¿Y después de Castillo qué?
Está claro que los aliados fundamentales de Pedro Castillo fueron y siguen siendo la mentira, el engaño y la desinformación dentro del contexto de una alevosa ignorancia, falta total de manejo de la cosa pública y rampante y vil corrupción.
Como llegamos a un nivel tan deleznable en el que el falso campesino del sombrero confunde a Ucrania con Croacia -seguramente por un sentido cacofónico de la política- y su exministro de Economía, Pedro Francke, ha señalado que no le entendía de la misma medida cuando trataban temas económicos (por cierto, como buen caviar, dijo esto después de que lo sacó del cargo).
Ocurrió porque la pandemia puso clamorosamente en evidencia la enorme Deuda Social que los gobiernos de las últimas décadas -todos coludidos con la corrupción y la incompetencia social- han dejado, provocando el invento de un outsider por parte de un electorado desinformado, harto de la violencia estructural y proclive a la demagogia comunista.
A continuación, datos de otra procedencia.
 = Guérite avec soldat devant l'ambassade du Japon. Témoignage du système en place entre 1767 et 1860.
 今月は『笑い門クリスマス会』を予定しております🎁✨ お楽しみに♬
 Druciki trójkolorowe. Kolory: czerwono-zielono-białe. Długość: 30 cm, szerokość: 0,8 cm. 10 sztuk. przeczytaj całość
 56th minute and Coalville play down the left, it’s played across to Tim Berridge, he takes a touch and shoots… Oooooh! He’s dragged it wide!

Tenemos que salir de Castillo y la mafia que formalmente encabeza. Pero no para retornar a más de lo mismo en un escenario cuyo centro de exhibición es precisamente el Congreso de la República con alta presencia de corrupción e inconsistencia como consecuencia de la conversión de gran parte de los partidos políticos en maquinarias electorales al servicio de lo que hoy llaman “dueños”.
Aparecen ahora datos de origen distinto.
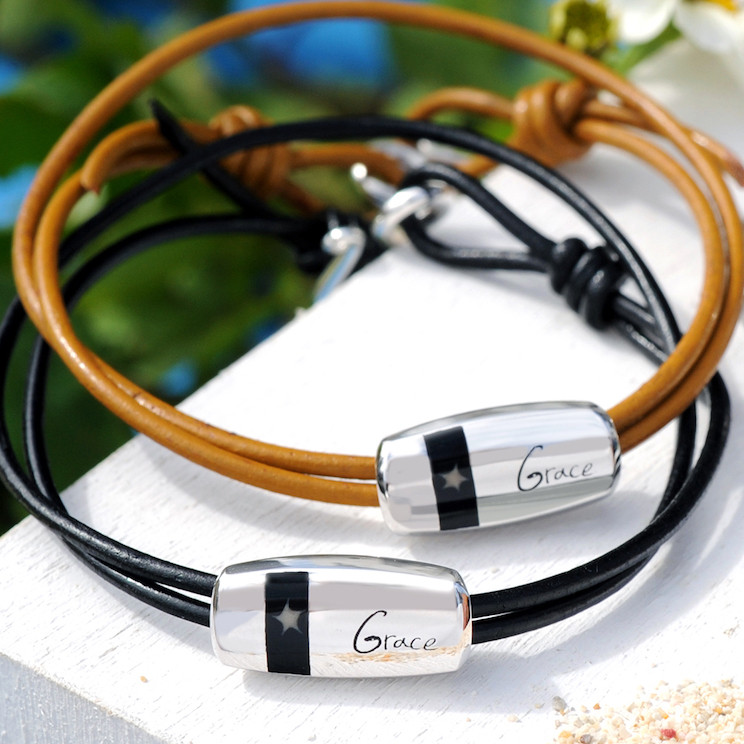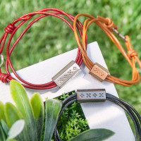 ミンサーモチーフのレザーブレスレット。カジュアルに着けられるのが人気の理由。
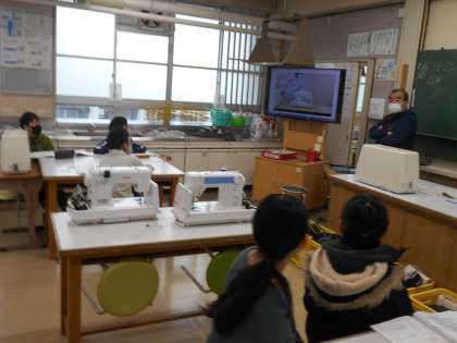 家庭科でミシンについての学習が始まりました。動画を視聴しながら使い方を確認しています。
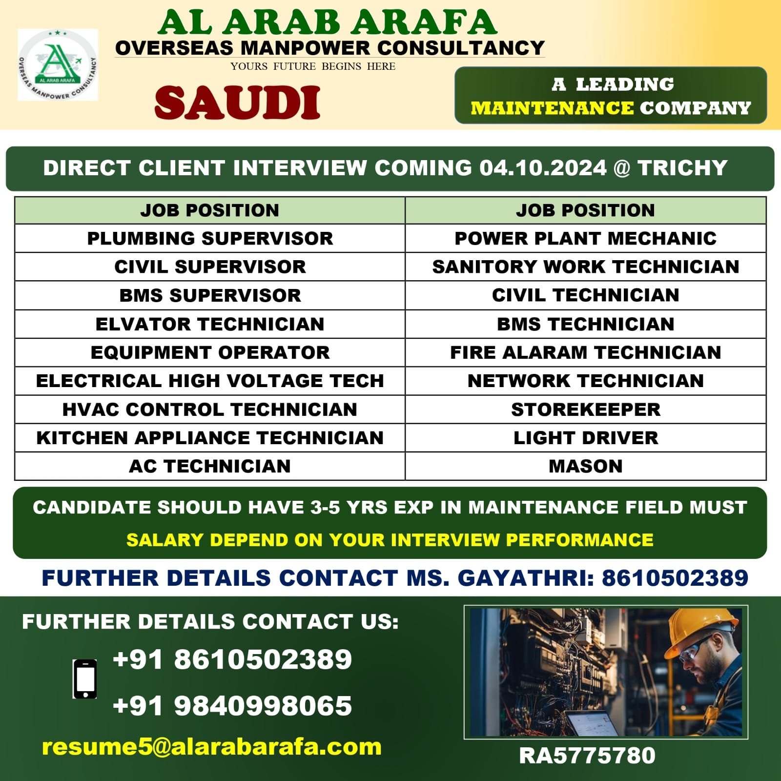 DIRECT CLIENT INTERVIEW ON 04.10.2024 @ TRICHY

Y a esa tarea, tan urgente como la de sacar al seudo prosor, debemos abocarnos: construir una gran conciencia nacional que, con sentido crítico, siente las bases firmes de una democracia con justicia social y sin corrupción con plena certidumbre de que la opción antisistema -que levantó vuelo con Humala- no es válida para la Revolución Pacífica que requiere el Perú con urgencia.
Más allá de las indispensables reformas que enderecen los entuertos dejados por la “reforma” pergeñada por Vizcarra con la asesoría de Tuesta Soldevilla, se requiere terminar con la caparazón plutocrática del quehacer político en donde “plata como cancha” se ha convertido hasta en una marca registrada mientras los ideales y los programas son meros vehículos de presentación para obtener los votos de un electorado de “desconcertadas gentes”, como diría Piérola.